First, the employer must show that the employee concerned holds a position of trust and confidence. Jurisprudence provides for two classes of positions of trust. The first class consists of managerial employees, or those who by the nature of their position, are entrusted with confidential and delicate matters and from whom greater fidelity to duty is correspondingly expected.[2] Article 212(m) of the Labor Code defines managerial employees as those who are “vested with powers or prerogatives to lay down and execute management polices and/or to hire, transfer, suspend, lay-off, recall, discharge, assign or discipline employees, or to effectively recommend such managerial actions.” The second class includes “cashiers, auditors, property custodians, or those who, in the normal and routine exercise of their functions, regularly handle significant amounts of [the employer’s] money or property”[3]Second, the employer must establish the existence of an act justifying the loss of trust and confidence.[4] To be a valid cause for dismissal, the act that betrays the employer’s trust must be real, i.e., founded on clearly established facts,[5] and the employee’s breach of the trust must be willful, i.e., it was done intentionally, knowingly and purposely, without justifiable excuse.[6]

In Lopez v.
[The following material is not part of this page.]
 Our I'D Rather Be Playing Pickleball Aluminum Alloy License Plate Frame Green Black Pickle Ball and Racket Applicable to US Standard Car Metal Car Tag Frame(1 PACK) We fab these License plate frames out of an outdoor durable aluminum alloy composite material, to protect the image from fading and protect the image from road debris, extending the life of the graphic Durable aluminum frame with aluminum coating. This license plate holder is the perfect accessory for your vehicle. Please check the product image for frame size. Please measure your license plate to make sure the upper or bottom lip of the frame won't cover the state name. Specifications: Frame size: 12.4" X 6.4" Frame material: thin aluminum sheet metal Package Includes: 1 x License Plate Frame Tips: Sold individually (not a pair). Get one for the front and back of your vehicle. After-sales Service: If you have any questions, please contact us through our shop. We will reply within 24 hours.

Keppel Bank Philippines, Inc.,[7] the Supreme Court repeated the guidelines for the application of loss of confidence as follows: (1) loss of confidence should not be simulated; (2) it should not be used as a subterfuge for causes which are improper, illegal or unjustified; (3) it may not be arbitrarily asserted in the face of overwhelming evidence to the contrary; and (4) it must be genuine, not a mere afterthought to justify an earlier action taken in bad faith.

[1] Article 282 of the Labor Code reads in full:
Article 282. TERMINATION BY EMPLOYER. – An employer may terminate an employment for any of the following causes:

(a) Serious misconduct or willful disobedience by the employee of the lawful orders of his employer or representative in connection with his work;

(b) Gross and habitual neglect by the employee of his duties;

(c) Fraud or willful breach by the employee of the trust reposed in him by his employer or duly authorized representative;

(d) Commission of a crime or offense by the employee against the person of his employer or any immediate member of his family or his duly authorized representative; and

(e) Other causes analogous to the foregoing.
[2] Baron v. National Labor Relations Commission, G.R. No. 182299, February 22, 2010, at 46.
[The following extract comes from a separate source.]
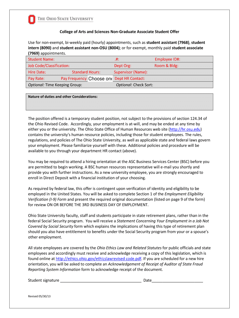 College of Arts and Sciences Graduate from Associate Student Offer Use for nonexempt, biweekly paid (hourly) appointments, such as student assistant (7968), student intern (8090) and student assistant

[3] Lopez v. Keppel Bank Philippines, Inc., G.R. No. 176800, September 5, 2011, 656 SCRA 718, 727.

[4] Philippine Plaza Holdings, Inc. v. Episcope, G.R. No. 192826, February 27, 2013.
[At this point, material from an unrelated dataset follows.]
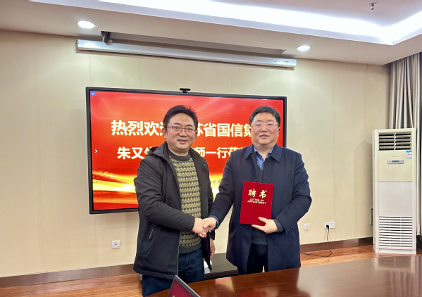 2月22日下午,江苏省国信集团总经济师兼战略投资部总经理、江苏新能董事长朱又生、江苏省国信集团科创中心项目经理曹文凯到访必赢官网开展交流,必赢线路检测3003no1院长周德群,副院长王子龙、查冬兰,人才专员张新明及MBA教育中心有关工作人员参加了交流座谈。

[5] See Bristol Myers Squibb (Phils.), Inc. v. Baban, G.R. No. 167449, December 17, 2008, 574 SCRA, 198, 206.

[6] See Baron v. National Labor Relations Commission, G.R. No. 182299, February 22, 2010, at 362.

[7] Baron v. National Labor Relations Commission, G.R. No. 182299, February 22, 2010, at 729; Ancheta v. Destiny Financial Plans, Inc., G.R. No. 179702, February 16, 2010, 612 SCRA 648, 660.